Because the state-specific rate curves largely overlap, we are going to summarize between-state differences directly using “Mississippi-to-California” rate ratios with 95% confidence intervals under a poisson count model.
rates.1000.py %>%
dplyr::select(
state, gender, encounter.age.range,
encounter.group, n.encounters, patient.years
) %>%
tidyr::pivot_wider(
names_from = state,
values_from = c(n.encounters, patient.years),
) %>%
dplyr::rename(
n.CA = n.encounters_California,
T.CA = patient.years_California,
n.MS = n.encounters_Mississippi,
T.MS = patient.years_Mississippi
) %>%
dplyr::mutate(
rr = ( n.MS / T.MS ) / ( n.CA / T.CA ),
se.log.rr = sqrt( 1 / n.MS + 1 / n.CA ),
rr.ci.low = exp( log( rr ) - 1.96 * se.log.rr ),
rr.ci.high = exp( log( rr ) + 1.96 * se.log.rr ),
encounter.age.range = factor( encounter.age.range, levels = age.levels )
) %>%
dplyr::filter(
encounter.group %in% c( "Wellness", "Outpatient (in-person)", "ED visit" )
) %>%
ggplot( aes( x = encounter.age.range, y = rr, color = gender )) +
annotate( "rect",
xmin = -Inf, xmax = Inf,
ymin = 0.95, ymax = 1.05,
alpha = 0.03 ) +
geom_hline( yintercept = 1,
linewidth = 0.5,
linetype = "dashed",
color = "#696969" ) +
geom_linerange( aes( ymin = rr.ci.low, ymax = rr.ci.high ),
linewidth = 0.6, position = position_dodge( width = 0.5 )) +
geom_point( size = 2, position = position_dodge( width = 0.5 )) +
facet_grid(~ encounter.group ) +
scale_y_log10() +
labs(
title = "Rate ratio (Mississippi / California); log scale (95% CI)",
x = "",
y = "",
color = ""
) +
scale_color_manual( values = gender.colors ) +
theme_minimal() +
theme(
legend.position = "bottom",
legend.text = element_text( size = 10 ),
axis.text = element_text( size = 10 ),
strip.text = element_text( size = 11 )
)Across all three service lines, the point estimates cluster very tightly around a rate ratio = 1. This indicate that, once standardized by patient-years and stratified by age band and gender, utilization intensity is broadly similar in Mississippi and California.

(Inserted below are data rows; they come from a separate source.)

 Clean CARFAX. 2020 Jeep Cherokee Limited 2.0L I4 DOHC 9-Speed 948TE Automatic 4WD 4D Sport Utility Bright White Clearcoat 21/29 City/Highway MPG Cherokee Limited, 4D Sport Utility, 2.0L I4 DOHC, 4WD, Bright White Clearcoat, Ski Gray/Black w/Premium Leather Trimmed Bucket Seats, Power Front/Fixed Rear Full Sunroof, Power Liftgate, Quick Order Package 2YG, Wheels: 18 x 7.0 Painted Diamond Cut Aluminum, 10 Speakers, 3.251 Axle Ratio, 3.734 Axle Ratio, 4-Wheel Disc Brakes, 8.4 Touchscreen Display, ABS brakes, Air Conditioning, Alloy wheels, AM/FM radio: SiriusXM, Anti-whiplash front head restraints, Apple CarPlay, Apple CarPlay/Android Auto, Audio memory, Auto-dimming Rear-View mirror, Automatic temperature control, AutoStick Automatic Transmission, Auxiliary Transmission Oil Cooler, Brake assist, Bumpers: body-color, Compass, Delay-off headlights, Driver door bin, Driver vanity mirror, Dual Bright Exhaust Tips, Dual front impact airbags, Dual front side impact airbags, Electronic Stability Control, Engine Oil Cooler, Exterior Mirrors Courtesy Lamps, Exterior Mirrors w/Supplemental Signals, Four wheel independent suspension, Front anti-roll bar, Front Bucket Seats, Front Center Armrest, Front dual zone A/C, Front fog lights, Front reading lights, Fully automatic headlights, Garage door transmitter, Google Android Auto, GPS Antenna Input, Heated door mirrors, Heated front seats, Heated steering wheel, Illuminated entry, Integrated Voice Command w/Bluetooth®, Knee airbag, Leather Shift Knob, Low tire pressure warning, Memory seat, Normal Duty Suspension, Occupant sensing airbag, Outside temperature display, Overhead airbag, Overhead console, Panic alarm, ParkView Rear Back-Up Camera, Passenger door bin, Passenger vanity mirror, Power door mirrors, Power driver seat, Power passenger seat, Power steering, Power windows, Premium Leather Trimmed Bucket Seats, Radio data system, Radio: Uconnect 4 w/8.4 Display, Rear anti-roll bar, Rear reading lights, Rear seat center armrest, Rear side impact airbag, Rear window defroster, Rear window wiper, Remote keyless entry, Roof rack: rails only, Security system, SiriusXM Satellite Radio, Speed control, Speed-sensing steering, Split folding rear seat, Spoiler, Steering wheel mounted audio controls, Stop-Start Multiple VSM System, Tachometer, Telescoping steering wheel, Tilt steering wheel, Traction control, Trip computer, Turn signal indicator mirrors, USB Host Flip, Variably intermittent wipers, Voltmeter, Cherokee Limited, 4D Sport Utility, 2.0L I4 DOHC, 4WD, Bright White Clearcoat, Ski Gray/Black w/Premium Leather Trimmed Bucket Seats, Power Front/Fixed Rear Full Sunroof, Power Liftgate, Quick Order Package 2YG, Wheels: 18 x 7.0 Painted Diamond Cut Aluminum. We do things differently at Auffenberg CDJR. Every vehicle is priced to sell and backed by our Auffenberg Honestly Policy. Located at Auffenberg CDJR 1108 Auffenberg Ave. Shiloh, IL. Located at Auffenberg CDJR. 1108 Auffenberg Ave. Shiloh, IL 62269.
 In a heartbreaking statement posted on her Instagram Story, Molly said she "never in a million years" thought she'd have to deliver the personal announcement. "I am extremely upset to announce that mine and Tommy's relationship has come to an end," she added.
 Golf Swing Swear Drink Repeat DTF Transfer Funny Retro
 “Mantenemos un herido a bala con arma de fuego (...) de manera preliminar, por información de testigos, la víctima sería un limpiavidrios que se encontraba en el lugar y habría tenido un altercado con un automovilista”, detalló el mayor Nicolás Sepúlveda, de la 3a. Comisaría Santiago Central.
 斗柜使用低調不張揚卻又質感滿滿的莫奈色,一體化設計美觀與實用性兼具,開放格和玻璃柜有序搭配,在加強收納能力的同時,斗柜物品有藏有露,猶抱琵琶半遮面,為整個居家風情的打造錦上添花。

In ED visits, we see no consistent state difference and have the highest uncertainty, specially for infants (<1) and teenagers (13-17).

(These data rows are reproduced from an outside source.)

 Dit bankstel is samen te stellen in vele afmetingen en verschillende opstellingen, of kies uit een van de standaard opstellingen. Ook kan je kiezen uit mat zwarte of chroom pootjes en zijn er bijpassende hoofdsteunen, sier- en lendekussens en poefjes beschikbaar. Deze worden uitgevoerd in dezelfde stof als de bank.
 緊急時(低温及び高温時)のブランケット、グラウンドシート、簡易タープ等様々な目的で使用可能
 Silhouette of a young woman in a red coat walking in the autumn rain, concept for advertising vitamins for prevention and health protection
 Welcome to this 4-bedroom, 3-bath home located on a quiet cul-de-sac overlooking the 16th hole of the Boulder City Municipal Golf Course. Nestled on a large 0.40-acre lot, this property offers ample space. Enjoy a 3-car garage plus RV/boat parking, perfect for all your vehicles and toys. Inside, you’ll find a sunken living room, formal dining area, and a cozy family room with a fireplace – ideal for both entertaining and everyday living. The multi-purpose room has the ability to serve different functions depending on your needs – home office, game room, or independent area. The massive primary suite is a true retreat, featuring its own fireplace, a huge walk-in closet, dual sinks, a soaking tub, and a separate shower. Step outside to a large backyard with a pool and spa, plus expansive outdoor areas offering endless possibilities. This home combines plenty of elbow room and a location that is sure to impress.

Wellness rate ratios are extremely close to 1 across all age bands and both genders, with relatively tight CIs. Therefore, we can state that the intensity is essentially the same in both states.
On the contrary, the outpatient panel is the only one where a patterned deviation appears; female’s rate ratio is slightly above 1 in younger bands, then very close to 1 in the older ones. Males, on the other hand, behaves in the opposite way. However, these departures are still modest and there is not a large between-state divergence.

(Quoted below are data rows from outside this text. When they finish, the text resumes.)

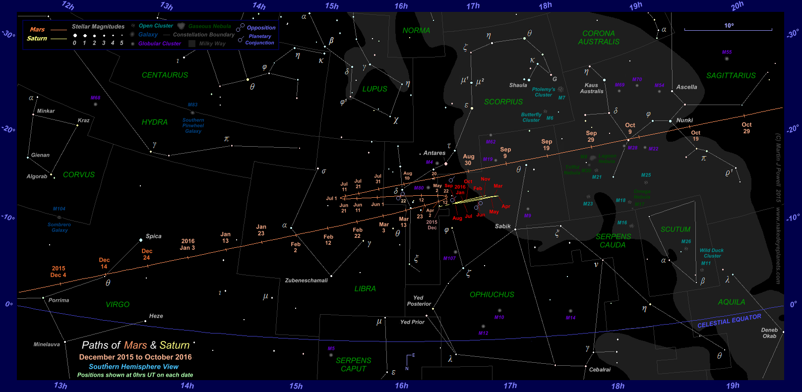 The most interesting Martian conjunction of the 2015-17 apparition was that with Saturn in the evening sky on August 25th 2016. Taking place in Southern Ophiuchus just three months after both planets' opposition dates, it was also the brightest of the six conjunctions, Mars and Saturn being at either end of 'zeroth magnitude'. This was the only conjunction of the six which truly favoured the Southern hemisphere. At the moment of their first appearance at dusk, the two planets were positioned at the zenith (directly overhead) at 25° South, 80° above the Northern horizon at 35° South and 70° above the Northern horizon at 45° South. Despite the relatively wide solar elongation of 97°, twilight and low altitude interfered with observation from mid- and high-Northern latitudes. This was caused by the dual effect of the planets' high Southerly declinations and the shallow angle of the ecliptic to the local horizon after sunset at this time of year. On this occasion Mars and Saturn were separated by a wide 4º.4, so that they were too far apart to fit within a telescopic field of view but were well within the typical view of binoculars. In 2016 the pair only narrowly missed out on multiple conjunction events (i.e. double or triple conjunctions) because the planets' loops did not overlap in longitude.
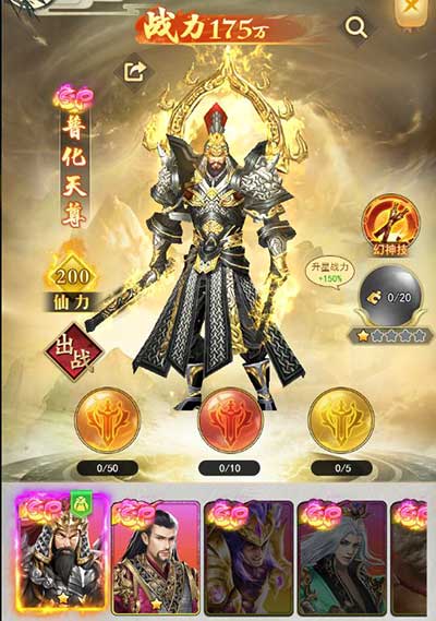 幻神消耗一定数量的碎片可以升星,升星后提升幻神的战斗力,幻神还可以通过吞服丹药,提升玩家战力。
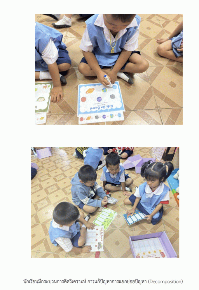 ผลลัพธ์ต่อนักเรียนนักเรียนชั้นอนุบาลปีที่ 2/2 พัฒนาทักษะการคิดเชิงคำนวณและการแก้ปัญหาได้ดีขึ้น โดยไม่ต้องใช้อุปกรณ์อิเล็กทรอนิกส์ นักเรียนสามารถเข้าใจขั้นตอนการทำงานและลำดับการกระทำผ่านกิจกรรมที่เป็นรูปธรรม ทำให้พวกเขามีทักษะการคิดอย่างเป็นระบบ มีความคิดสร้างสรรค์ในการแก้ไขปัญหา และกล้าที่จะแสดงออกความคิดเห็นในกระบวนการเรียนรู้

In this section we seek to analyze pediatric conditions across California and Mississippi. Our goal is straightforward: we want to understand the baseline burden ( i.e. conditions that are common everywhere) and identify material differences ( i.e. conditions that might drive different utilization patterns).
We will compute the prevalence per 1,000 patients as the ratio between the number of cases for a given condition stratified by state, age band and gender, and the total number of patients in that stratum multiplied by 1,000.
To ensure statistical robustness, we are going to apply two key rules to our prevalence calculation:
NOTE: A minor limitation exists due to right-censoring. A child currently aged 2 contributes to the 1-4 denominator but has not yet lived through ages 3 and 4. If they were to develop a condition at age 3, our current snapshot would miss it. This may slightly underestimate prevalence in younger cohorts but affects both states equally.
condition.denom <- patients %>%
dplyr::select( patient.id, state, gender, age.current.range ) %>%
dplyr::mutate(
is.denom.less_1 = TRUE,
is.denom.1_4 = age.current.range %in% c("1-4", "5-12", "13-17"),
is.denom.5_12 = age.current.range %in% c("5-12", "13-17"),
is.denom.13_17 = age.current.range == "13-17"
) %>%
tidyr::pivot_longer(
cols = starts_with( "is.denom." ),
names_to = "condition.age.range",
values_to = "is.eligible"
) %>%
dplyr::filter( is.eligible ) %>%
dplyr::mutate(
condition.age.range = dplyr::case_when(
condition.age.range == "is.denom.less_1" ~ "<1",
condition.age.range == "is.denom.1_4" ~ "1-4",
condition.age.range == "is.denom.5_12" ~ "5-12",
condition.age.range == "is.denom.13_17" ~ "13-17"
)
) %>%
dplyr::group_by( state, gender, condition.age.range ) %>%
dplyr::summarise(
total.patients = n(),
.groups = "drop"
)
condition.nums <- conditions %>%
dplyr::group_by(
state, gender, condition.age.range, condition.description
) %>%
dplyr::summarise(
n.cases = dplyr::n_distinct( patient.id ),
.groups = "drop"
)
condition.prevalence <- condition.nums %>%
dplyr::left_join(
condition.denom,
by = c( "state", "gender", "condition.age.range")
) %>%
dplyr::mutate(
n.cases = tidyr::replace_na( n.cases, 0 ),
prevalence = n.cases / total.patients,
prevalence.1000 = prevalence * 1000
)First, we are going to visualize the highest prevalence pr 1,000 patients on a table in order to understand the magnitudes we are working on.
A difference of 5 cases/1,000 is negligible if the base rate is 800/1,000 (common cold), but critical if the base rate is 10/1,000 (leukemia). This table anchors our analysis in absolute volume.
In addition, the table reveals a clear insight: in terms of sheer volume, dental health is the primary driver of recorded conditions for children over 5 years old. Gingivitis appears as the top condition for age groups 5-12 and 13-17, with prevalence rates exceeding 500 per 1,000 patients (over 50% of the population).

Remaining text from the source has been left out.